UCC Trials will provide complete onsite management for each study from application to study close out. We will facilitate every monitor visit, maintain study drug and supplies, explain consent forms to patients, re-consent patients when necessary, document SAE’s and IND safety reports, document amendments, ensure proper data collection, provide scheduling for all patients, and more to ensure enrollment goals are met.
UCC Trials will negotiate and renegotiate if necessary each contract for each study to ensure appropriate contractual relationships for each physician and make sure research site staff comply with contractual obligations.
UCC Trials will monitor and over see all financial aspects of each study including budget negotiations, invoicing, billing, account reconciliation, patient stipends, financial models, and more. Physicians will not have to worry about any financial aspects of any study, making it easier to concentrate on patient care.
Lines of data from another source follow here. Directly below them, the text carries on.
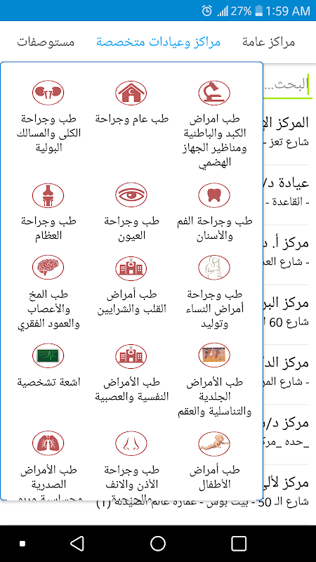 Het bevat meer dan (10.000) tienduizend artikelen en medisch nieuws. Het geeft ook de meeste medische termen weer. Dit deel vertegenwoordigt de grootste medische encyclopedie in het Arabisch met gedetailleerde uitleg over alle ziekten en bevat artikelen over de kwaliteit van leven en de dagelijkse gezondheid, waaronder (definitie van ziekten, symptomen, behandelingsstappen, De juiste medicijnen ... enz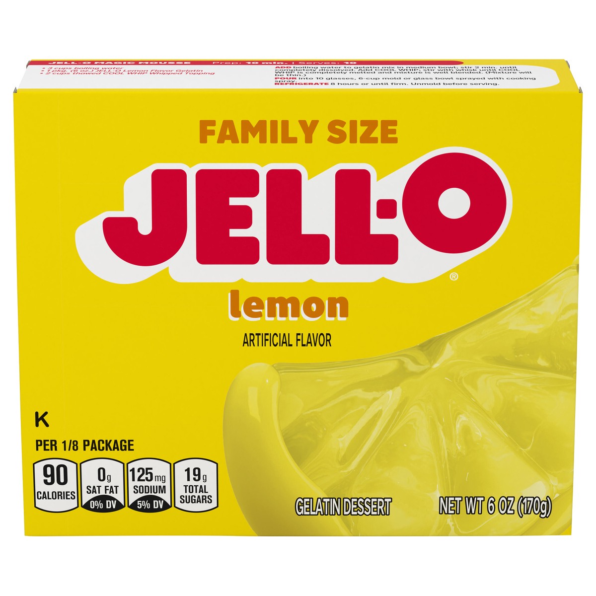 Snack happy. Jell-O Lemon Artificially Flavored Gelatin Dessert Mix lets you add some wonder to your day with a delicious snack. Spoon up a smile with our artificially flavored lemon Jell-O gelatin th…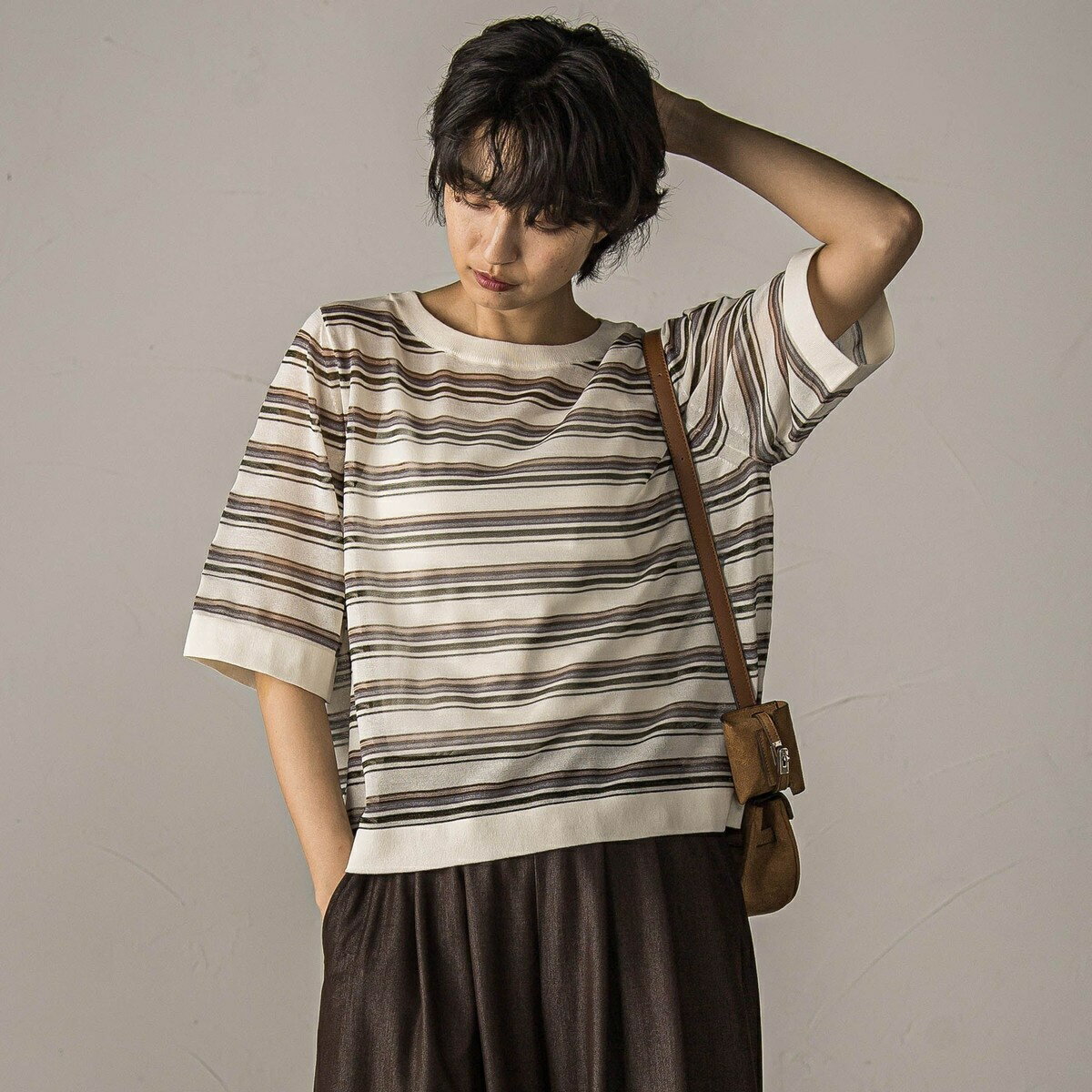 MAYSON GREY(メイソングレイ)シアーマルチボーダーワイドニットプルオーバー≪手洗い可能≫【デザインPOINT】「秋を彩る、レトロなパターン」ほどよくルーズなシルエットに、マルチボーダー柄が映える主役級トップス。配色の絶妙なバランスが、どこか懐かしくて新しい、レトロなムードを演出。身体が泳ぐゆとりを持たせた、リラックスシルエット。コンパクトな丈感、肩を華奢に見せるセットイン、つまりすぎないネックラインが、女性らしさを感じさせるパターン。【スタイリング】ブラウンのボトムと合わせれば、グッと今年らしいスタイリングに。一枚着からインナー使いにも活躍します。【素材の特徴】【16GNEWYARN×ORGANZA天竺】繊維でドライタッチの綿/ナイロン糸をベースに、超細番手のポリエステルラメ糸を取り入れ、多色なボーダーに編み立てました。----------------------------------------------------------------洗濯方法家庭洗濯:液温は40℃を限度とし、手洗いができる。自然乾燥:日陰の平干しがよい。アイロン:底面温度120℃を限度としてアイロン仕上げができる。ドライクリーニング:石油系溶剤による弱いドライクリーニングができる。----------------------------------------------------------------■モデル身長166cm170cm/着用サイズM※画像の商品はサンプルとなりますので実際の商品と仕様、加工、サイズが若干異なる場合がございます。※お客様のモニター環境により実際のお色と多少異なる場合がございます。※撮影状況や光の当たり具合により、色合いが異なって見える場合がございます。関連ワード:MAYSONGREYメイソングレイレディース新作大人コーデ大人カジュアル2025秋冬2025AW秋冬秋物秋服ニットクルーネックボーダー型番:2112-55017-22-2 PZ5256【採寸】M:着丈55cm バスト114cm 肩幅35cm 袖丈33cm 袖幅19cm 袖口幅17cm 裾幅57cm商品のサイズについて【商品詳細】中国素材:綿56% ポリエステル26% ナイロン18%サイズ:M手洗い、漂白不可、タンブル乾燥不可、自然乾燥、アイロン仕上げ可、ドライ可、ウエットクリーニング可※画面上と実物では多少色具合が異なって見える場合もございます。ご了承ください。商品のカラーについてMAYSON GREY(メイソングレイ)シアーマルチボーダーワイドニットプルオーバー≪手洗い可能≫【デザインPOINT】「秋を彩る、レトロなパターン」ほどよくルーズなシルエットに、マルチボーダー柄が映える主役級トップス。配色の絶妙なバランスが、どこか懐かしくて新しい、レトロなムードを演出。身体が泳ぐゆとりを持たせた、リラックスシルエット。コンパクトな丈感、肩を華奢に見せるセットイン、つまりすぎないネックラインが、女性らしさを感じさせるパターン。【スタイリング】ブラウンのボトムと合わせれば、グッと今年らしいスタイリングに。一枚着からインナー使いにも活躍します。【素材の特徴】【16GNEWYARN×ORGANZA天竺】繊維でドライタッチの綿/ナイロン糸をベースに、超細番手のポリエステルラメ糸を取り入れ、多色なボーダーに編み立てました。----------------------------------------------------------------洗濯方法家庭洗濯:液温は40℃を限度とし、手洗いができる。自然乾燥:日陰の平干しがよい。アイロン:底面温度120℃を限度としてアイロン仕上げができる。ドライクリーニング:石油系溶剤による弱いドライクリーニングができる。----------------------------------------------------------------■モデル身長166cm170cm/着用サイズM※画像の商品はサンプルとなりますので実際の商品と仕様、加工、サイズが若干異なる場合がございます。※お客様のモニター環境により実際のお色と多少異なる場合がございます。※撮影状況や光の当たり具合により、色合いが異なって見える場合がございます。関連ワード:MAYSONGREYメイソングレイレディース新作大人コーデ大人カジュアル2025秋冬2025AW秋冬秋物秋服ニットクルーネックボーダー型番:2112-55017-22-2 PZ5256【採寸】M:着丈55cm バスト114cm 肩幅35cm 袖丈33cm 袖幅19cm 袖口幅17cm 裾幅57cm商品のサイズについて【商品詳細】中国素材:綿56% ポリエステル26% ナイロン18%サイズ:M手洗い、漂白不可、タンブル乾燥不可、自然乾燥、アイロン仕上げ可、ドライ可、ウエットクリーニング可※画面上と実物では多少色具合が異なって見える場合もございます。ご了承ください。商品のカラーについて

Every research site partnered with UCC Trials is supported by executive staff in addition to research staff at the site to ensure regulatory compliance, FDA compliance, and IRB approval. At the start of each trial there is an extensive regulatory packet that much be completed in order to begin the study. UCC Trials will ensure each regulatory packet is completed properly, along with each FDA 1572, financial disclosure forms, IRB documentation, lab documentation, consent and assent forms, amendments, and more.
Although the primary source of patients is the physicians practice, we will design, develop, and deploy each marketing campaign as well as submit for IRB approval before each deployment when appropriate. Each marketing campaign will not only bring awareness of each trial being conducted at the research site, but will be an opportunity for your practice to be seen as a physicians office providing the newest and most cutting edge medications and treatment.
Every study conducted requires a tremendous amount of time, admin, and effort. UCC Trials has in place a robust workforce to ensure each trial get the appropriate attention at each location. With so much happening at any given moment at you practice, it’s truly difficult to take on any ancillary programs. This is why UCC Trials has staff not only remotely at our corporate, but local as well. We employ regional managers, regulatory personnel, clinical research coordinators, and research assistants to work at your private practice to make sure no detail is missed through out the clinical research process. And to ensure physicians can concentrate on patient care!
All of our data and processes are manages by our propriety clinical trial management system which electronically captures all aspects of each study such as patient management, recruitment, study data, source documents, accounting and budgeting, financial models, patient stipends, document storage and archiving, patient scheduling and reminders, and so much more! Our system is Title 21 CFR Part 11 Compliant and has triple redundant backups so our data will never be lost.
Providing quality is our number on goal. We are constantly monitoring our quality indicators and providing continuing education and training for all of our research staff. We strive to provide the highest quality healthcare to our patients, highest quality data to our sponsors, and highest quality support to our physicians.